Opinion
January 13, 1977
Guazzo, Silagi, Craner Perelson, P.C. (Stephen Perelson of counsel), for petitioner.
Plunkett, Wetzel Jaffe (William F. Plunkett, Jr., of counsel), for respondent.
In this article 78 proceeding to review and annul a determination of respondent Board of Education of Mount Pleasant Central School District, dated August 25, 1976 wherein petitioner was summarily and without a hearing suspended from his duties as superintendent pending a hearing concerning charges preferred against him scheduled to commence on November 9, 1976 and for related relief, the application is denied in the exercise of discretion, and the petition is dismissed, but without costs.
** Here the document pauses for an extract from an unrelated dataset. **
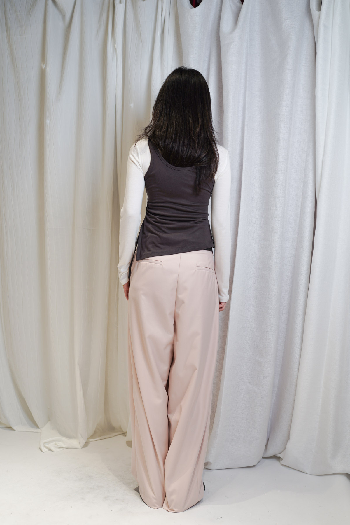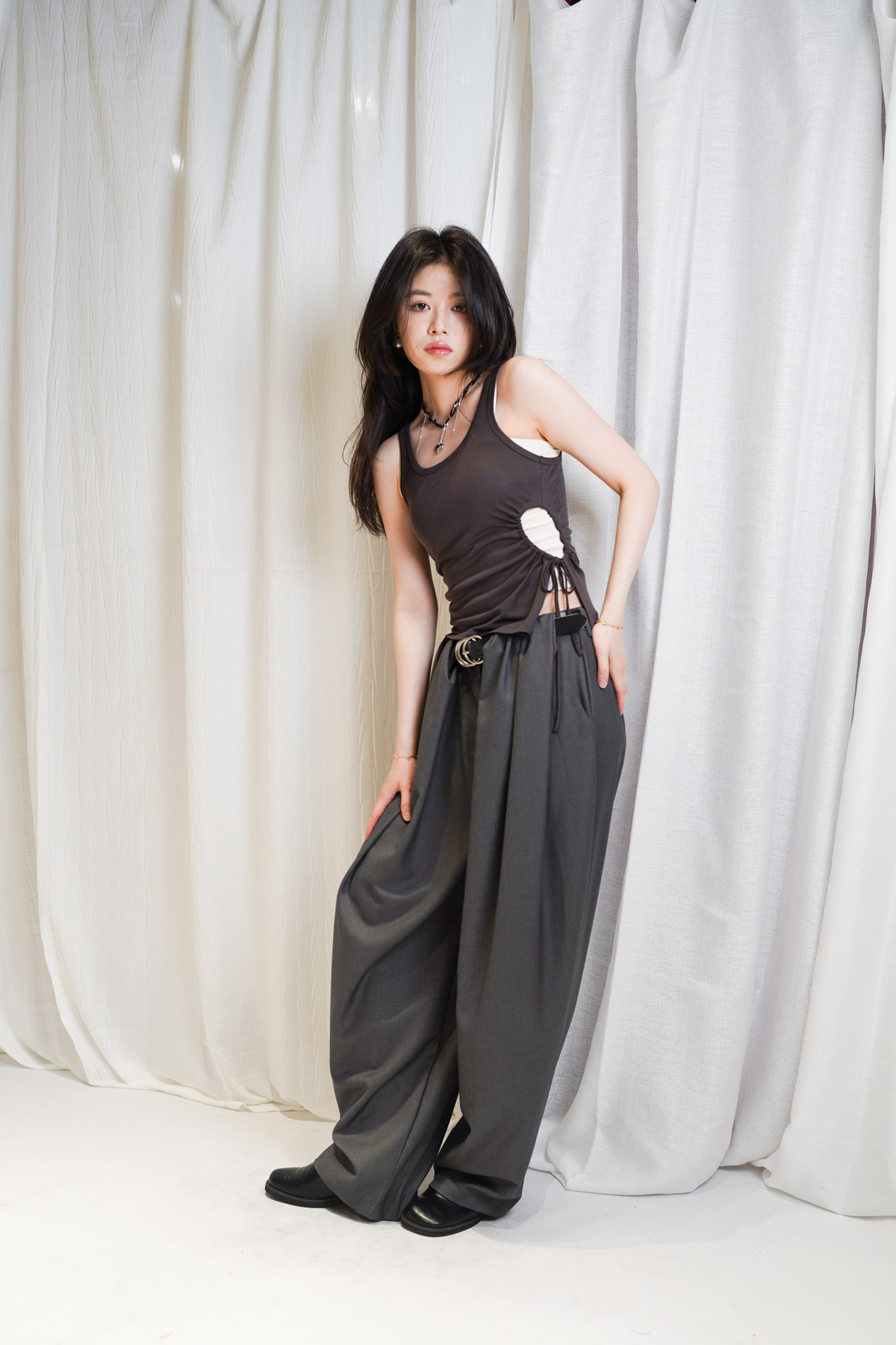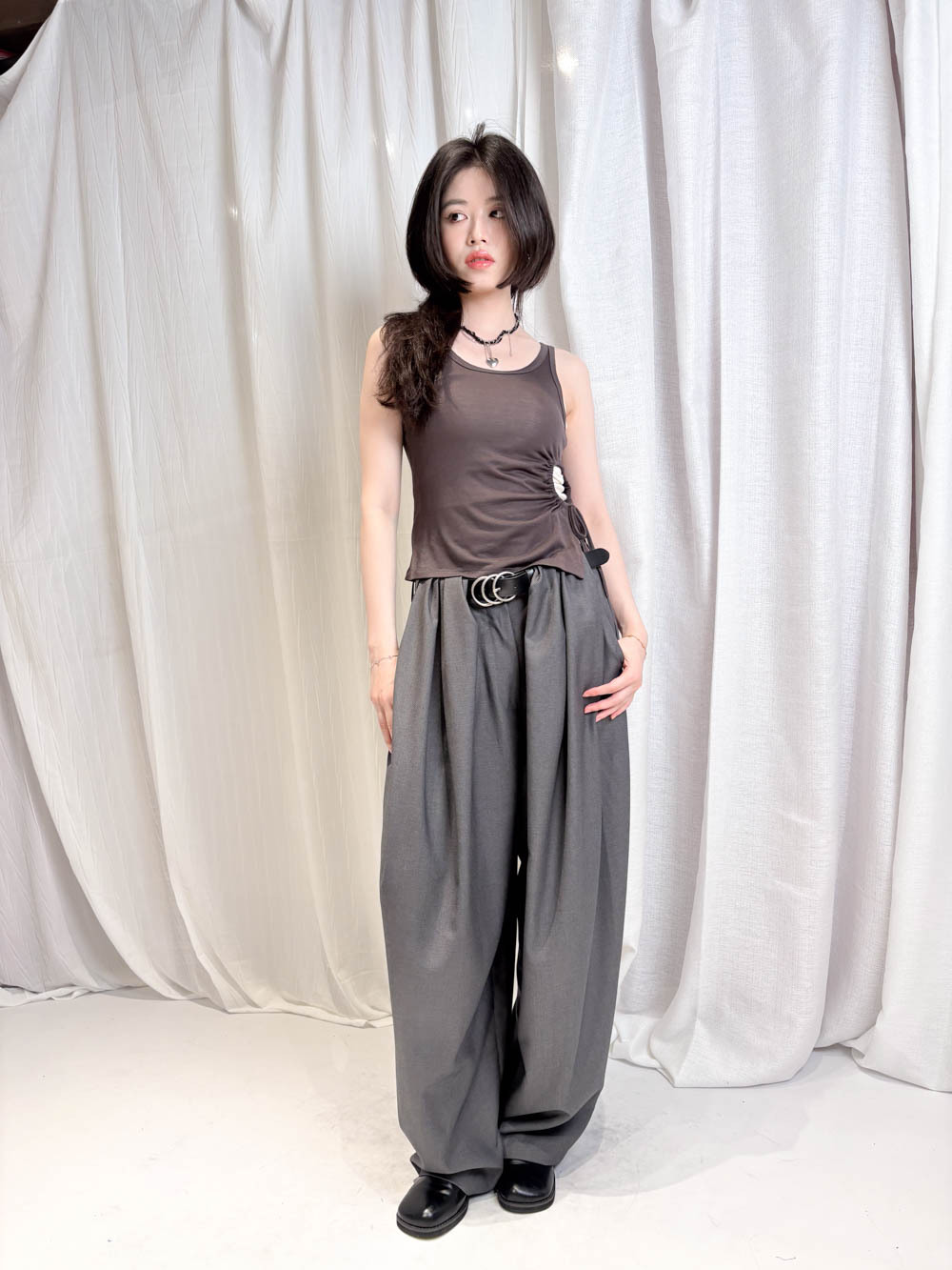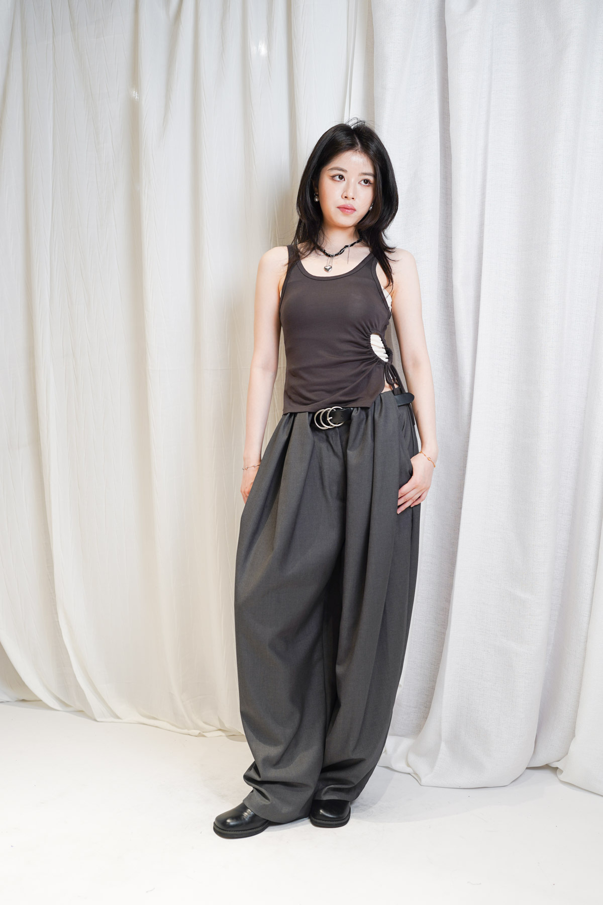 /側邊抽繩調節 (Drawstring) 背心一側設有抽繩位 可以隨意調節鬆緊 同時營造出立體褶縐 視覺上極度遮肚腩

After a careful consideration of the voluminous affidavits and exhibits the court is of the view that it is not warranted as a matter of law in finding that the charges preferred against petitioner are legally insufficient and do not constitute, if proven, "good cause", and in granting the relief sought by petitioner. Paragraph 12 of the employment agreement entered into by and between the parties provides, inter alia, that petitioner "shall be subject to discharge for good cause"; that "the Board shall not arbitrarily or capriciously dismiss him"; that petitioner shall receive a "fair and impartial hearing before the Board" (emphasis supplied), and that the "hearing shall be conducted in executive session and stenographic record of the proceedings shall be made". Needless to say, this court cannot on the conflicting papers resolve the issues presented on this application, to wit, neglect of duty, insubordination and conduct unbecoming a chief school officer, on the one hand, and impartiality on the part of the board, prejudgment, personal bitterness, bias, animosity, vindictiveness, etc., on the other hand. This court cannot weigh the credibility of the affidavits and the controversy which has arisen between these parties can only be resolved and composed at the "fair and impartial hearing" which the board had scheduled for November 9, 1976, and which was stayed at the instance of petitioner the day before by the commencement of this proceeding. Whether or not petitioner would have had or will have a "fair and impartial hearing" is a matter which cannot be determined at this juncture. The board has stated in its papers that those members who have preferred the charges will not sit and hear the evidence and participate at the hearing. Aside from the fact that the parties agreed in Paragraph 12 of the employment agreement that the hearing was to be "before the Board", petitioner has presented nothing which indicates that such provision violates his rights to due process and equal protection of the laws. Respondent board is, therefore, the proper body to conduct the hearing (see Matter of Gray v Board of Educ., 42 A.D.2d 742) pursuant to said contractual provision.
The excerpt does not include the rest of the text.